Dassin lived in New York City and Los Angeles until his father fell victim to the Hollywood blacklist in 1950, at which time his family moved to Europe.

Between the ages of ten and fifteen Dassin changed schools eleven times. He studied at, among other places, the International School of Geneva and the Institut Le Rosey in Switzerland, and finished his secondary education in Grenoble. Dassin moved back to the United States, where he attended the University of Michigan in Ann Arbor, Michigan from 1957 to 1963, winning an undergraduate Hopwood Award for fiction in 1958 and earning a Bachelor of Arts in 1961 and a Master of Arts in 1963, both in Anthropology.

Career
Moving to France, Dassin worked as a technician for his father and appeared as an actor in supporting roles, among others in three movies directed by his father, including Topkapi (1964) in which he played the role of Josef.

On 26 December 1964, Dassin signed with CBS Records, making him the first French-language singer to be signed with an American record label.
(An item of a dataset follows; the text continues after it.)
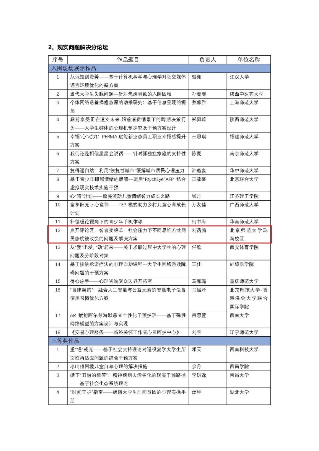 本论坛旨在落实立德树人根本任务,提升科学研究和实践转化能力,共涵盖四个分论坛。2024年3月我校初赛结果公示,共收到文理学院心理系21级、22级同学的作品13件,其中心理实验设计分论坛作品5件、心理学产品设计分论坛作品4件、现实问题解决分论坛作品5件、心理学产品设计分论坛作品4件、心理科普短视频分论坛作品3件。经文理学院心理系五位专业老师评审,4支队伍入围全国决赛。

By the early 1970s, Dassin's songs were at the top of the charts in France, and he became immensely popular there. He recorded songs in German, Spanish, Italian, and Greek, as well as French and English. Amongst his most popular songs are "Les Champs-Élysées" (Originally "Waterloo Road") (1969), "Salut les amoureux" (originally "City of New Orleans") (1973), "L'Été indien" (1975), "Et si tu n'existais pas" (1975), and "À toi" (1976).

Cinema
Joe Dassin appeared in the following movies:

 1957: Benos in He Who Must Die, by Jules Dassin 
 1958: Nico in The Law, by Jules Dassin
 1964: Joseph in Topkapi, by Jules Dassin
 1965: A police inspector in Lady L, by Peter Ustinov
 1965: Janos Adler in Nick Carter and Red Club, by Jean-Paul Savignac

Personal life

Dassin married Maryse Massiéra in Paris on 18 January 1966. Their son Joshua was born two and a half months early on 12 September 1973, and died five days later. Overcome by grief, Joe became deeply depressed. Despite all their efforts, their marriage did not survive. In 1977, one year after their move to their newly built home in Feucherolles, just outside Paris, they divorced.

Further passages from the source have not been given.